The book is a comprehensive introduction to the design and implementation of modern neural networks, referred to as "differentiable models" to avoid the historical baggage associated with the term "neural". The author focuses on building efficient building blocks for processing n-dimensional data, including [convolutions](https://aimodels.fyi/papers/arxiv/cellular-automata-many-valued-logic-deep-neural), [transformers](https://aimodels.fyi/papers/arxiv/singular-riemannian-geometry-approach-to-deep-neural), [graph layers], and [modern recurrent models](https://aimodels.fyi/papers/arxiv/stretched-measured-neural-predictions-complex-network-dynamics).

The book aims to strike a balance between theory and practical implementation, as well as between historical context and the latest developments in the field. The author assumes the reader has some familiarity with machine learning and linear algebra, but covers the necessary preliminaries when needed.
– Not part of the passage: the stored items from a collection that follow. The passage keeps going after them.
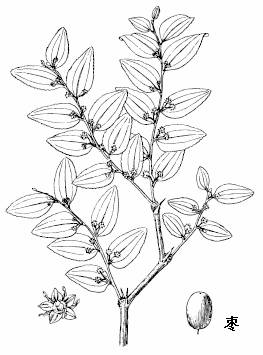2.无刺枣:无刺枣苄甙(zizybeoside)Ⅰ及Ⅱ,无刺枣因(daechuine)S3,催吐萝芙木醇(vomifliol),6,8-二-C-葡萄糖-2(S)-柚皮素[6,8-di-C-glucosyl-2(S)-naringenin],6,8-二-C-葡萄糖基-2(R)-油皮素[6,8-di-C-glucosyl-2(R)-naringenin],棕榈油酸(palmitoleic acid),11-十八碳烯酸(vaccenic acid),油酸(oleic acid)以及环磷酸腺甙,无刺枣阿聚糖(zizyphus-arabinan),糖脂(glycolipid),磷脂(phospholipid)等。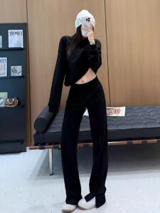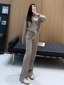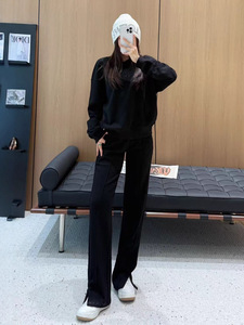 秋冬季圆领正肩卫衣南油女重磅保暖上衣休闲遮肉显瘦阔腿裤两件套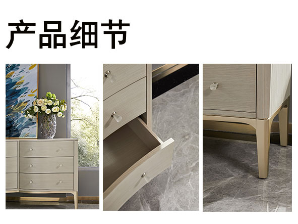 使用亚克力拉手、亚克力脚、不锈钢拉手及不锈钢脚套、搭配自闭式静音滑轨,更有甚者采用进口岩板台面作为搭配,迎合现代人群的消费观,多种不同种类材料复合搭配,营造现代舒适实用的家具质感。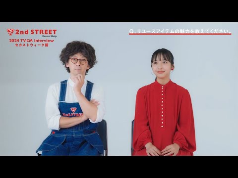 赤くきらびやかな空間で「お得なセカストウィーク始まります!!!」の掛け声とともに、「セカストウ賢一」とかわいらしいアイテムたちが大盛り上がり。キャンペーンと聞いて驚く山之内さんに対して、目玉の衣料品SALEなど、お得が盛りだくさんのセカストウィークを紹介します。「やばあ!!」と幸せな表情を見せる山之内さんに、「今がチャンスです~!」とすかさず声を掛ける「セカストウ賢一」。「セカストウ賢一」と山之内さんのコミカルなやりとりにぜひご注目ください。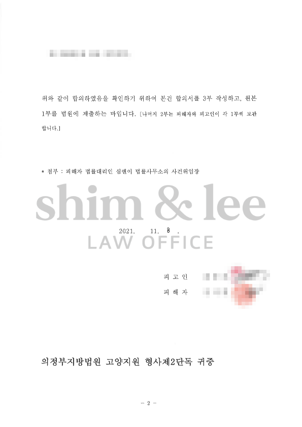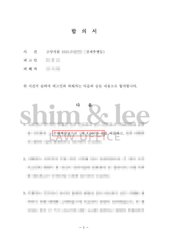 결국 가해자가 합의를 요청해왔으며, 1억 8천만 원이라는 기록적인 금액의 합의금을 이끌어낼 수 있었습니다.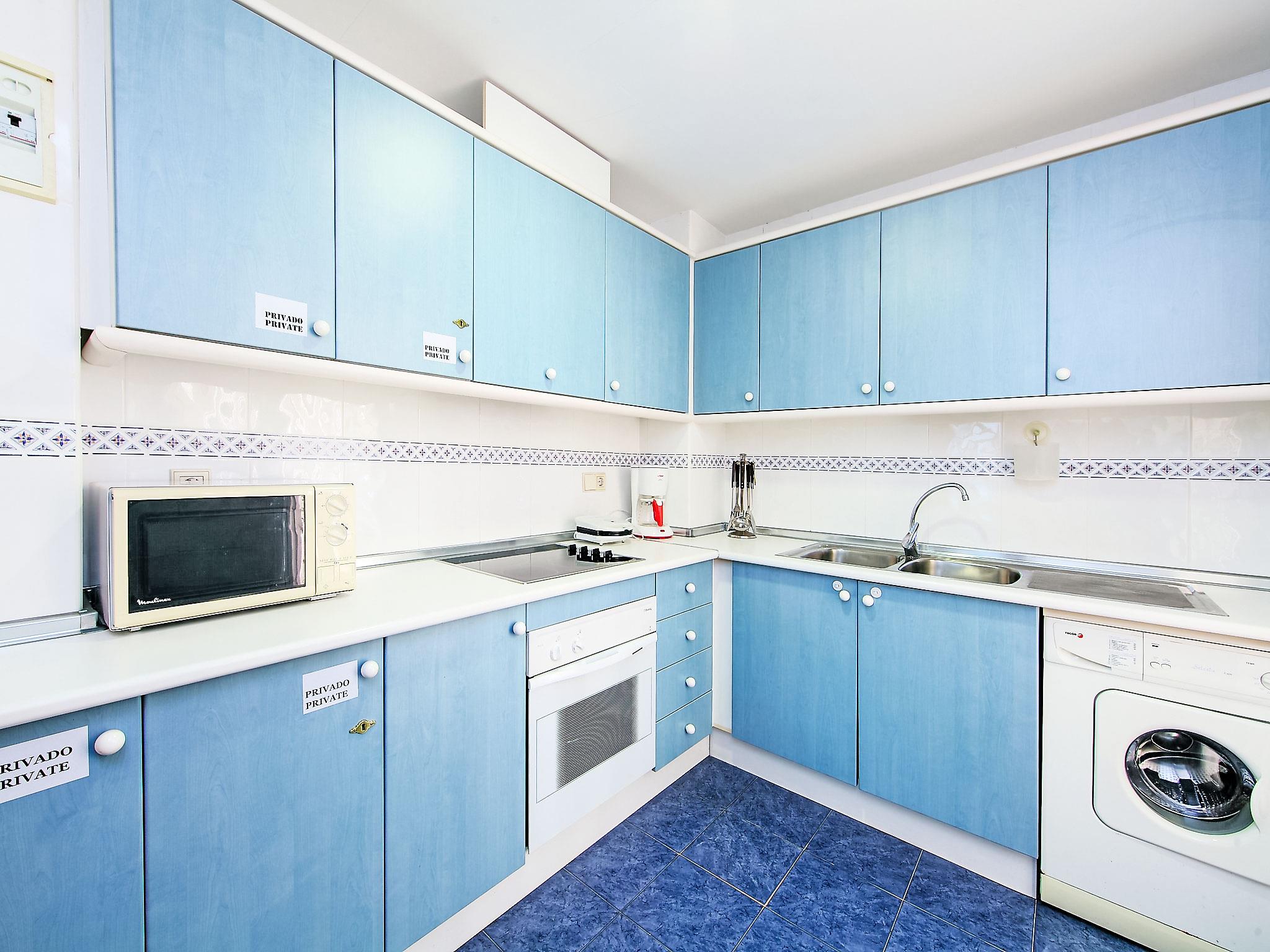 "Cabo Mar", 3-room apartment 60 m2 on 2nd floor, east facing position. Spacious and bright, practical and comfortable furnishings: living/dining room 20 m2 with digital TV and electric heating. Exit to the terrace. 1 room 8 m2 with 1 french bed (150 cm, length 190 cm), bath/bidet/WC, electric heating and fan. 1 room 7 m2 with 1 pull-out bed (2 pers. 2 x 90 cm, length 190 cm), fan. Kitchen (oven, 4 ceramic glass hob hotplates, toaster, kettle, microwave, freezer, electric coffee machine). Shower/WC. Boiler (100 litres). Terrace 6 m2. Terrace furniture. Very beautiful view of the sea, the swimming pool and the garden. Facilities: washing machine, iron. Parking space n 79, height 200 cm, width 500 cm. EGVT-593-A. VT-438729-A // Reg. Nr.: ESFCTU00000305600033638700000000000000000VT-438729-A6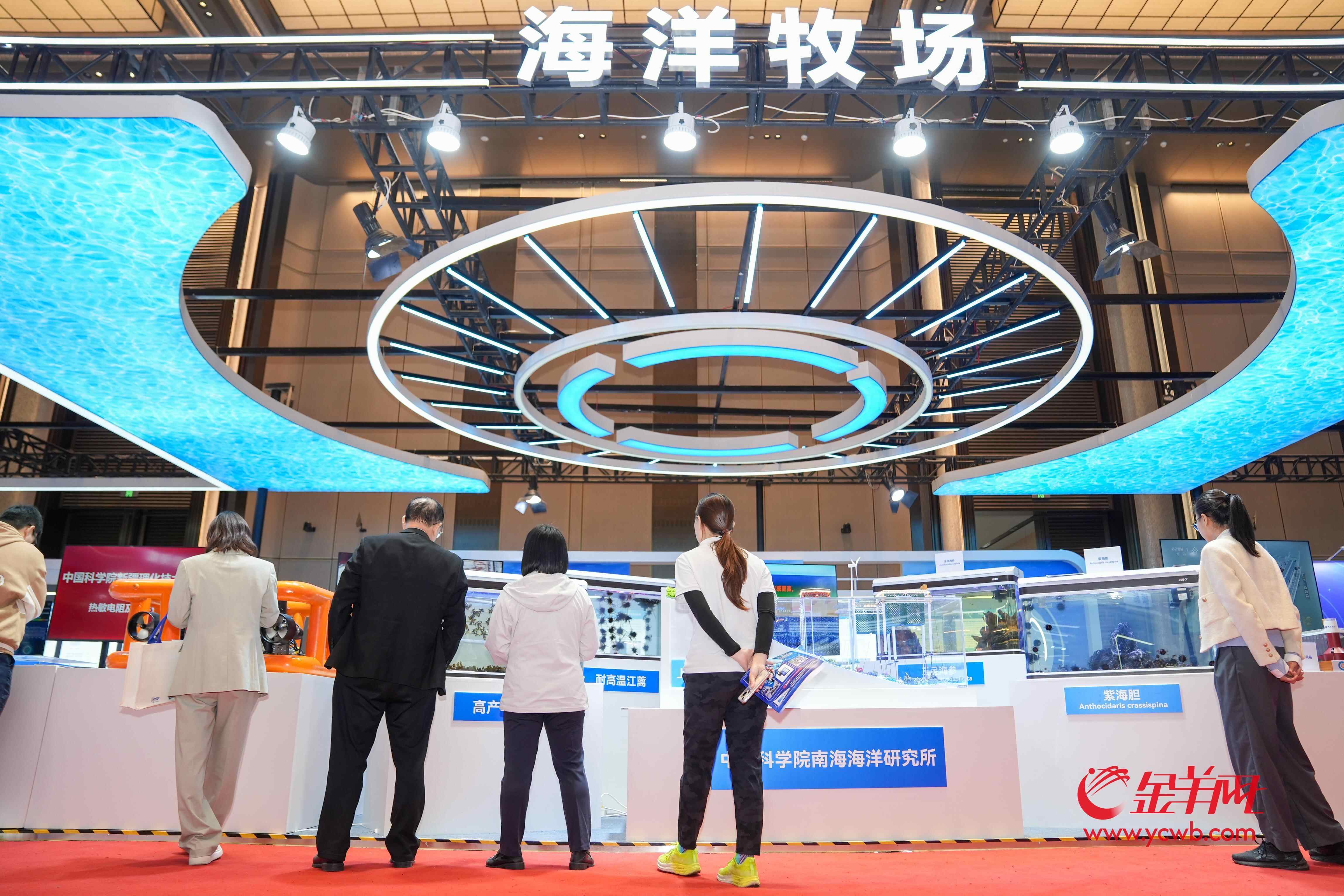 海洋牧场展区,“上升流海洋牧场”模型备受关注。中国科学院南海海洋研究所研究人员介绍,该系统以波浪能驱动为核心,运用人工上升流调控技术,构建了“鱼-参-贝-藻”立体生态养殖模式。展台上,玉足海参、紫海胆与马尾藻等在模拟环境中协同生长,配合数字孪生运维界面,直观演示了其在提升渔业效益与增强海洋碳汇方面的双重价值。

The content is based on refined lecture notes from a course called "Neural Networks for Data Science Applications" taught by the author at Sapienza University. The book does not cover more advanced topics like generative modeling, explainability, prompting, and agents, which will be published separately in a companion website.

## Critical Analysis

The author's decision to avoid the term "neural" in favor of "differentiable models" is an interesting approach that may help readers approach the subject with a fresh perspective, unencumbered by the historical baggage associated with the field of neural networks.

The focus on building efficient building blocks for processing n-dimensional data is a practical and relevant approach, as many real-world applications involve complex, high-dimensional data. The inclusion of transformers, graph layers, and modern recurrent models suggests the book will cover a broad range of cutting-edge techniques in neural network design.

One potential limitation of the book is its scope, as the author has chosen to exclude advanced topics like generative modeling, explainability, prompting, and agents. While this decision may have been made to maintain a focused and manageable volume, it could leave some readers wanting more in-depth coverage of these important areas of research and development.

Overall, this book appears to be a well-designed and comprehensive introduction to the modern design of neural networks, with a balanced approach between theory and practice. The author's expertise and the refinement of the content from a university course suggest the book will be a valuable resource for students, researchers, and practitioners in the field of machine learning and data science.

## Conclusion

This book offers a self-contained and up-to-date introduction to the design of modern neural networks, or "differentiable models" as the author prefers to call them. By focusing on the construction of efficient building blocks for processing n-dimensional data, the book provides a practical and relevant approach to neural network design, covering a range of cutting-edge techniques like convolutions, transformers, graph layers, and modern recurrent models.

While the book does not delve into more advanced topics like generative modeling, explainability, prompting, and agents, it aims to strike a balance between theory and code, as well as historical context and recent trends. The author's expertise and the refinement of the content from a university course suggest this book will be a valuable resource for students, researchers, and practitioners in the field of machine learning and data science.